Есть в нас какое-то невытравляемое чувство слова, как-то умудряемся мы понимать так много, так много в обыкновенном хмыканье, пожимании плечами, игрой глазками, не говоря уже о словах. В наших бестолковых перебранках присутствует такая тонкость в передаче мыслей и чувств, состояний и взаимоотношений, что, право же, нет другого столь же богатого языка на белом свете. И образование у Неклясова не больно высокого пошиба, если у него вообще было какое-то образование, и мир он воспринимает далеко не красочно и многозначно, ограниченно воспринимает, и словарный запас у него беден и убог, но вот находит он интонации, находит простенькие вроде бы словечки. И уже нет Анцыферова, нет его самолюбия, образования, опыта большого человека... И никакого мата не требуется, более того, мат все скрадывает, смягчает, человек, который не матерится, воспринимается жестким, сухим, бессердечным.
Да, это так!
На такого человека смотрят неодобрительно, в нем видят врага, который не просто кичится, этот человек не может и не желает, видите ли, смягчить парой хороших матюков собственное мнение. А бесконечные «извините», «пожалуйста», «будьте добры» еще более ужесточают его слова, подчеркивают если и не злобность натуры, то уж во всяком случае все ту же неумолимость, несговорчивость, превосходство.

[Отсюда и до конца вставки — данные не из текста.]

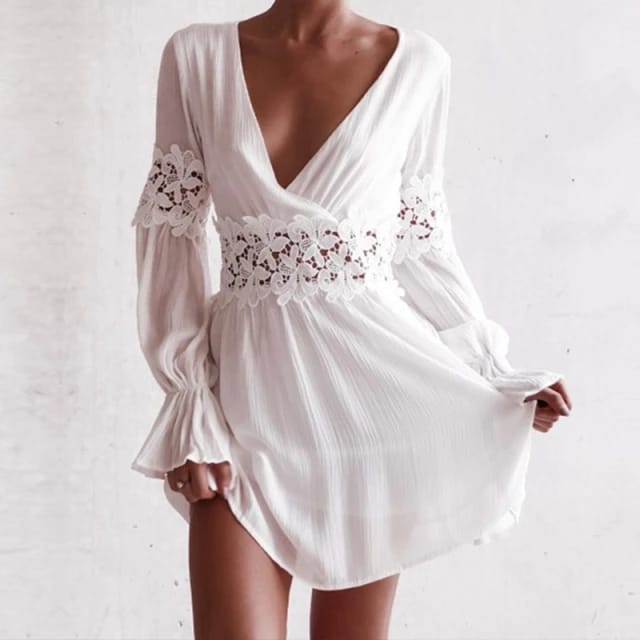 Vestido para Playa~ Blanco Manga Larga con Encaje Flores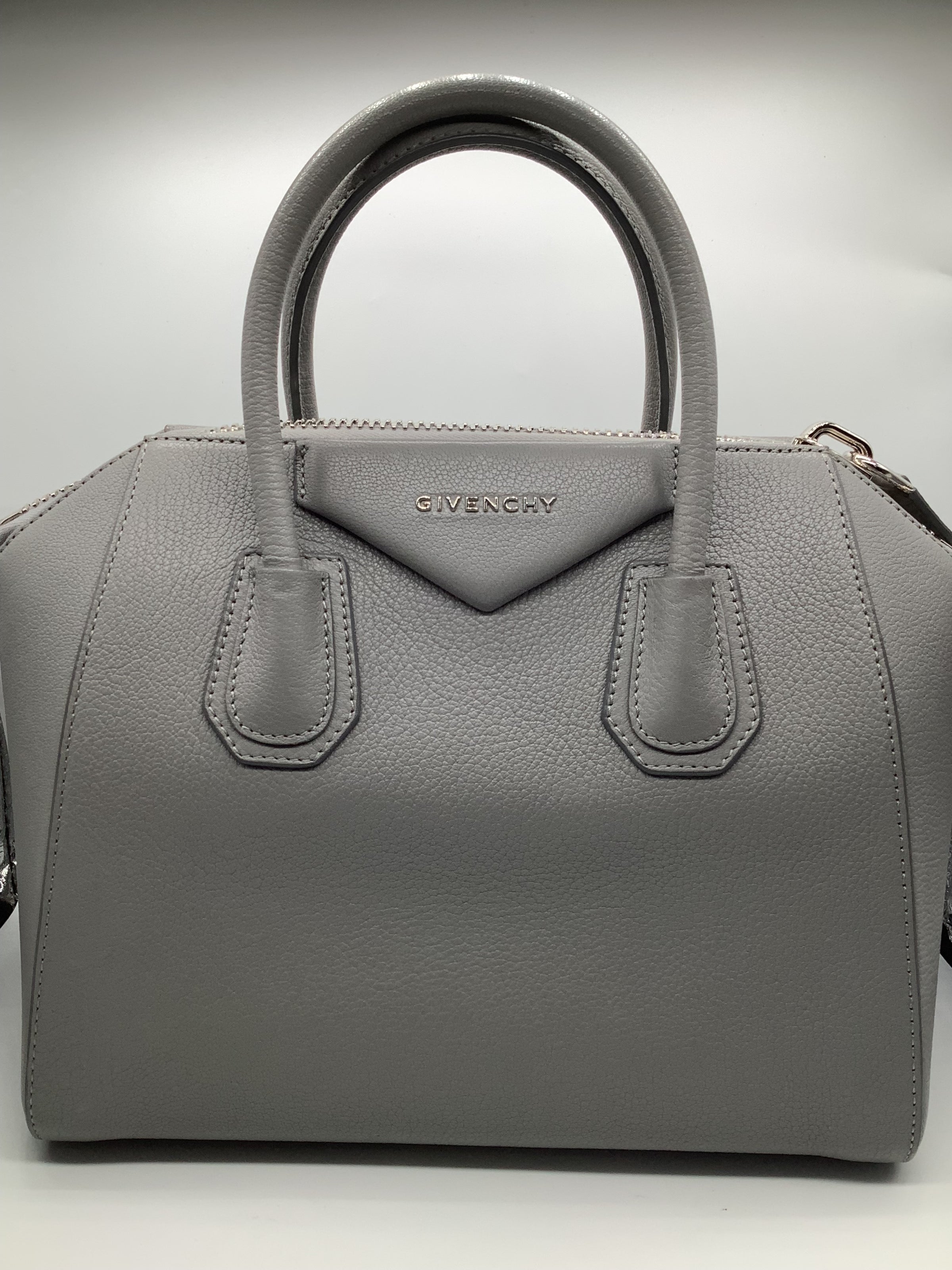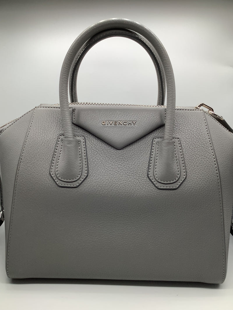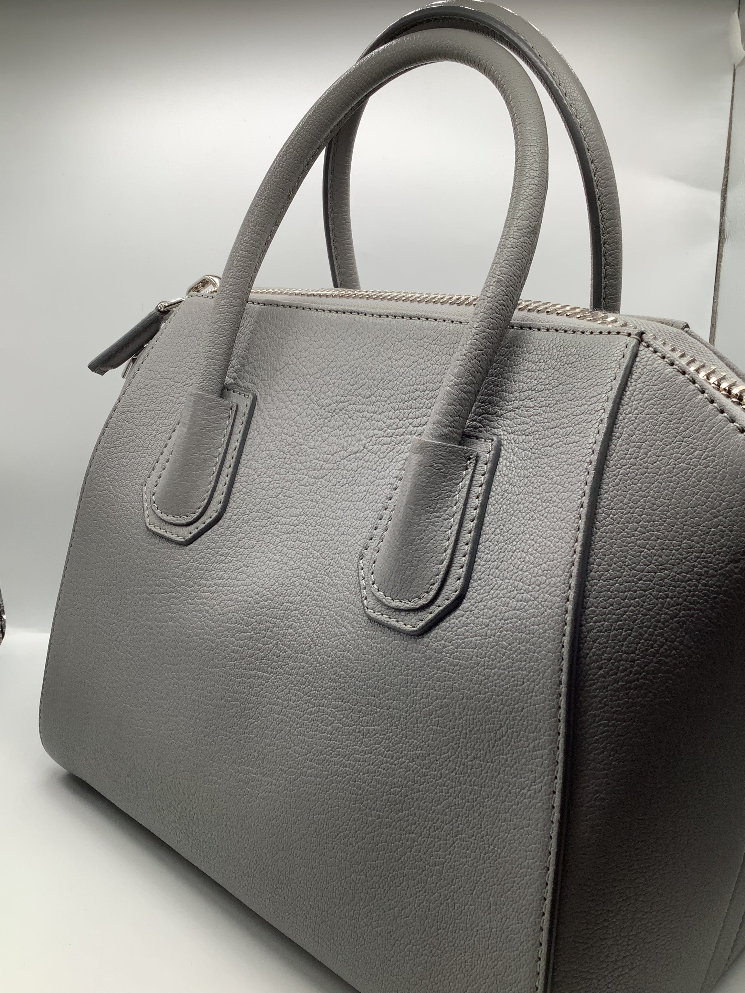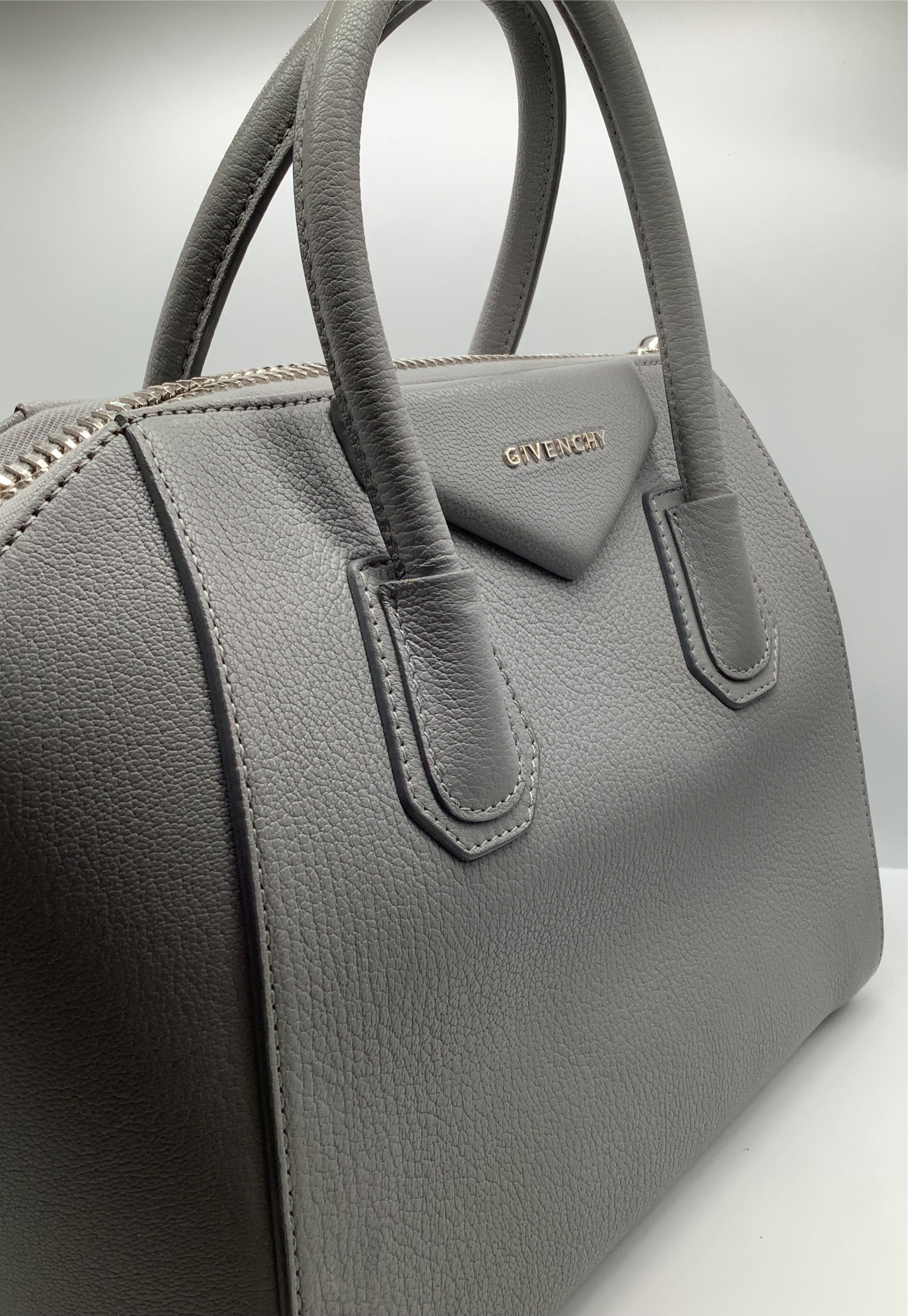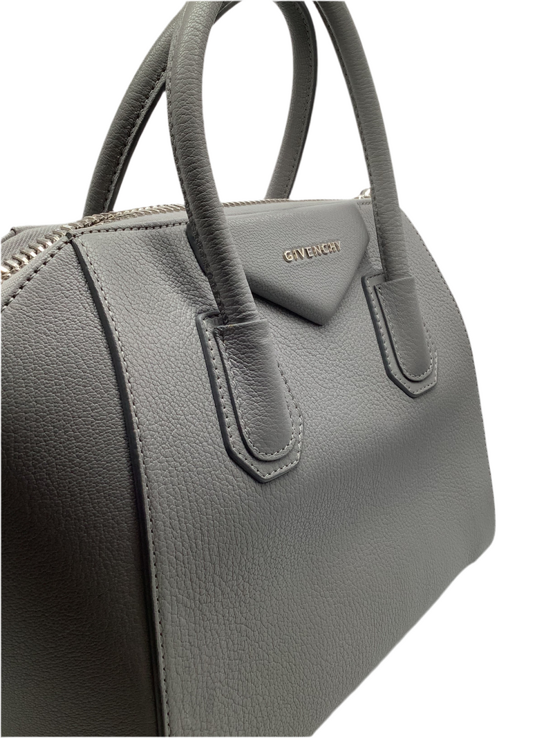 Small model Givenchy Antigona handbag in Grey Grained Goats Leather, hardware in silver metal, double handle in grey leather, one removable strap in grey leather allowing the bag to be worn in the hand or on the shoulder.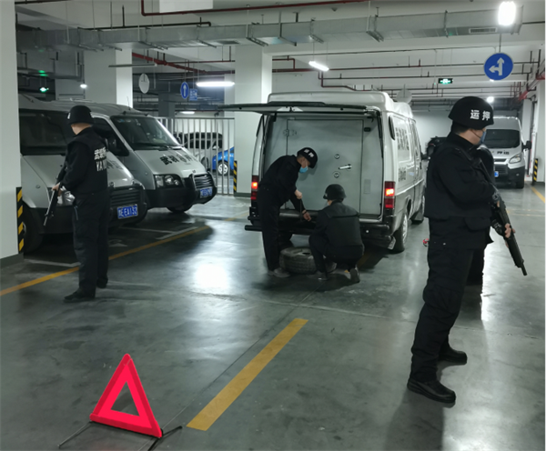 演練現(xiàn)場(chǎng),一輛運(yùn)鈔車(chē)在執(zhí)行押運(yùn)勤務(wù)途中突發(fā)故障,車(chē)組人員沉著冷靜、反應(yīng)迅速、措施得當(dāng),整個(gè)過(guò)程按照應(yīng)急預(yù)案有序進(jìn)行,達(dá)到預(yù)期效果。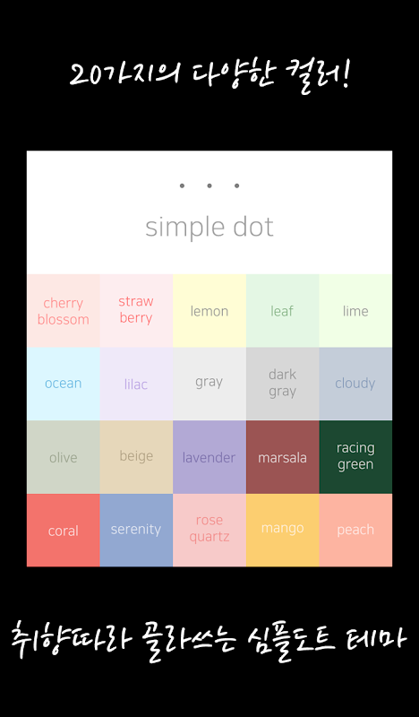 심플톡과 도트톡을 통합 업데이트 하면서 신규 컬러가 추가되었습니다. 총 20가지 색상의 다양한 테마를 즐겨보세요 :)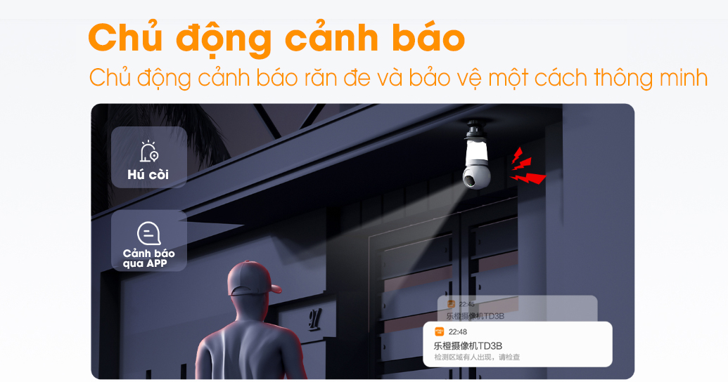 Sau khi chế độ cảnh báo được bật , camera sẽ Bảo vệ chủ động ngôi nhà của bạn một cách thông minh với còi hú, nhá đèn và cảnh báo qua APP về điện thoại cho người dùng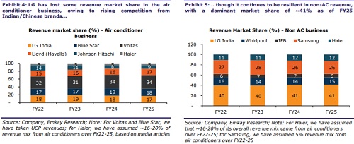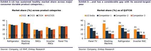 LG is the benchmark franchise, with market leadership across categories: Refrigerators (34%), Washing Machine (30%), TVs (20%), and RACs (18%) in Q1FY26. LG commands a higher market share in premium categories: ~25% of its revenue (vs ~15% industry); likely to rise to ~40% (vs industry’s ~27%) over 5Y. As part of the ‘Global South’ strategy, India is crucial and likely to contribute 1/3rd of growth for LG Korea over the next 5Y.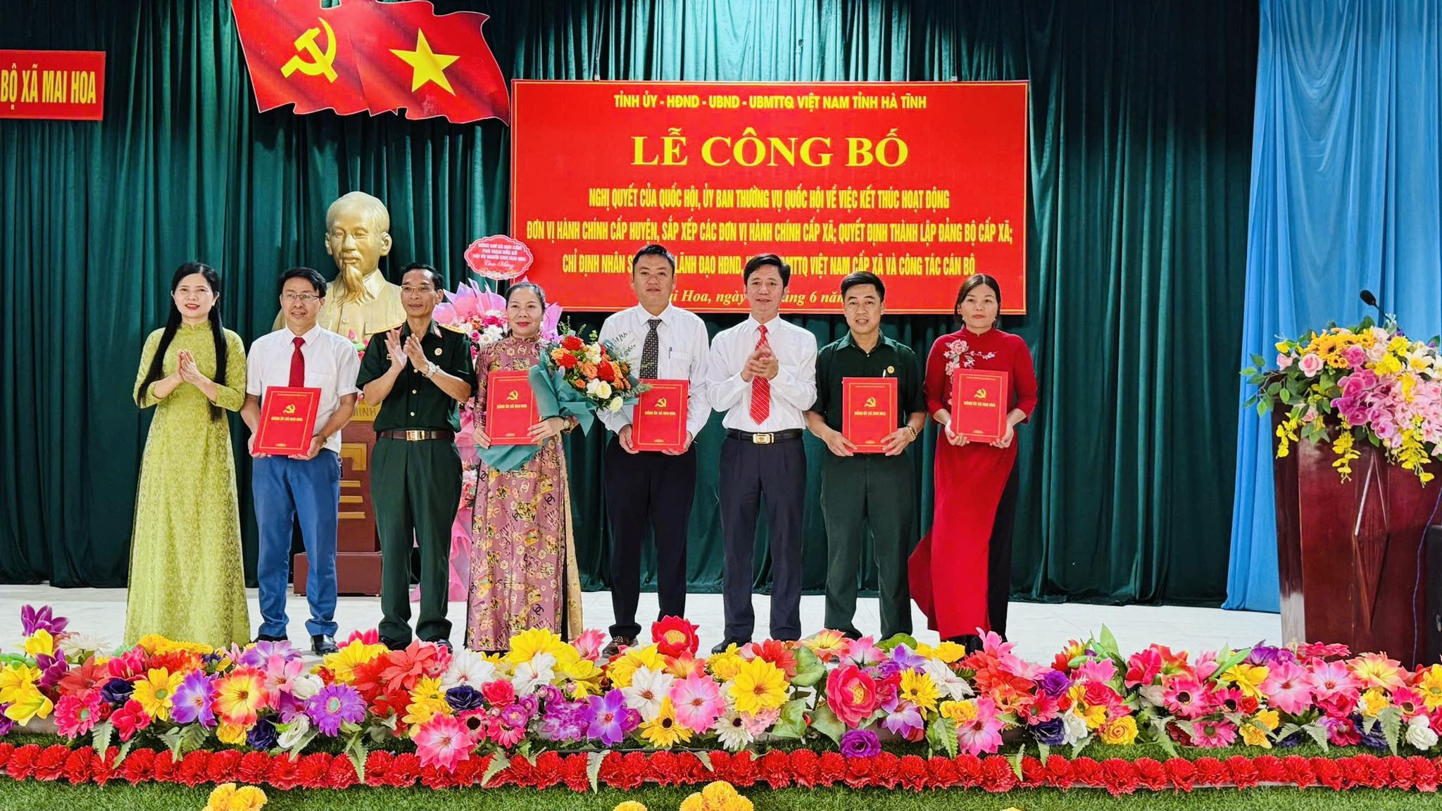 Bà Trần Thị Hồng Vững ( tưhs 4 bên trái sang) nhận quyết định Chủ tịch UBMTTQ tỉnh tại lễ công bố thành lập xã Mai Hoa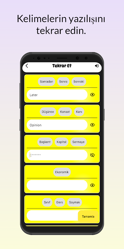 - Tahmin et bölümü eklendi. İngilizcesini gördüğünüz kelimelerin Türkçesini seçin.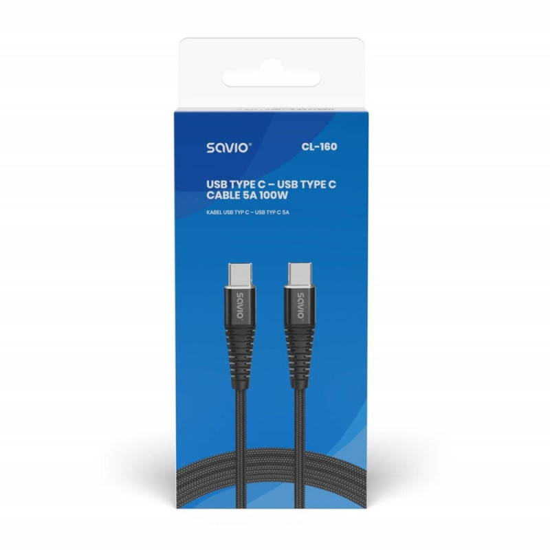 Savio CL-160 USB cable 2 m USB 2.0 USB C - USB C Black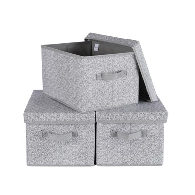 Aoibox Collapsible File Storage Organizer Box with Lid Lattice Linen Hanging Filing Bin for Letter Legal Folder Home Office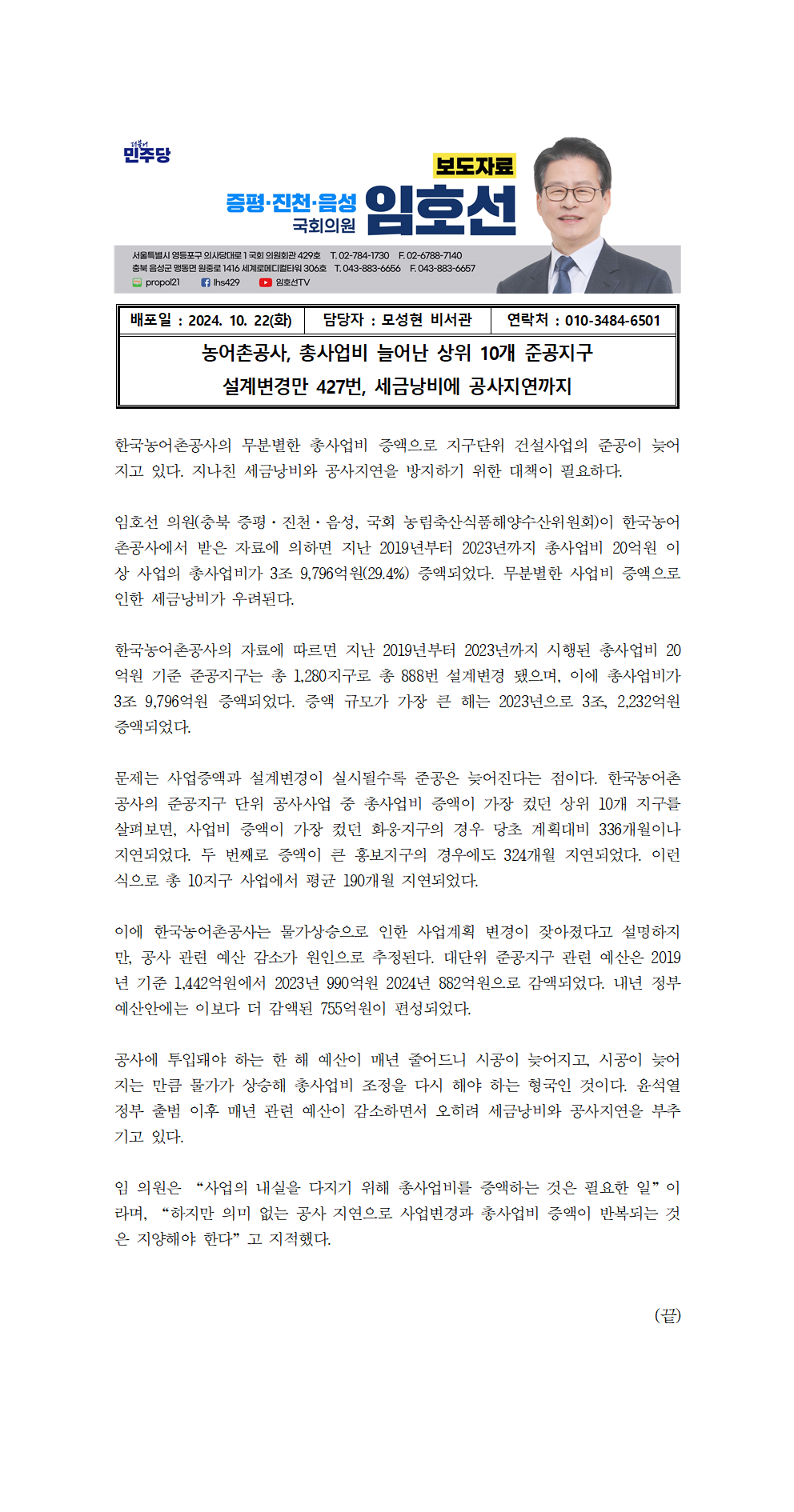 [국회의원 임호선] 농어촌공사, 총사업비 늘어난 상위 10개 준공지구 설계변경만 427번, 세금낭비에 공사지연까지

Однако и у самого подавленного и униженного неизбежно вдруг встанет однажды колом хвост, вдруг напряжется что-то внутри, вздрогнут возле мягких мочек ушей кулаки желваков... И тогда он тоже может наговорить достаточно. Именно это и произошло с Анцыферовым, именно до этой стадии бешенства и довел его Неклясов.
— Ты чего хочешь, Вовчик? У тебя что-то болит? — спросил Анцыферов, прекрасно понимая, что второго вопроса задавать не следовало — у Неклясова всегда что-то болело, ныло, постанывало в организме. Анцыферов был достаточно проницателен, чтобы догадаться об этом. Но плохо было не то, что догадался, а то, что он открылся, сказал всем сидящим за столом о его недомоганиях.
И услышав вопрос, Неклясов удовлетворенно кивнул. Именно этого он добивался, теперь ему все позволено, теперь он может с этим человеком поступать, как заблагорассудится.
— Что у тебя с ушами? — спросил Неклясов с невинным видом.
— А что там? — не понял Анцыферов и машинально потрогал одно ухо, потом второе.
— На месте?
— На месте, — ответил Анцыферов, мгновенно побледнев. Он понял намек. И знал, хорошо знал, что Неклясов ничего не говорит попусту. Не потому, что такой уж обязательный, по другой причине — произнеся что-то, он уже чувствовал себя обязанным это исполнить, чтобы ни у кого не возникло сомнений в его твердости и решимости.
— Хорошие уши, — пробормотал Неклясов и, подняв фужер белого сухого вина, выпил его залпом.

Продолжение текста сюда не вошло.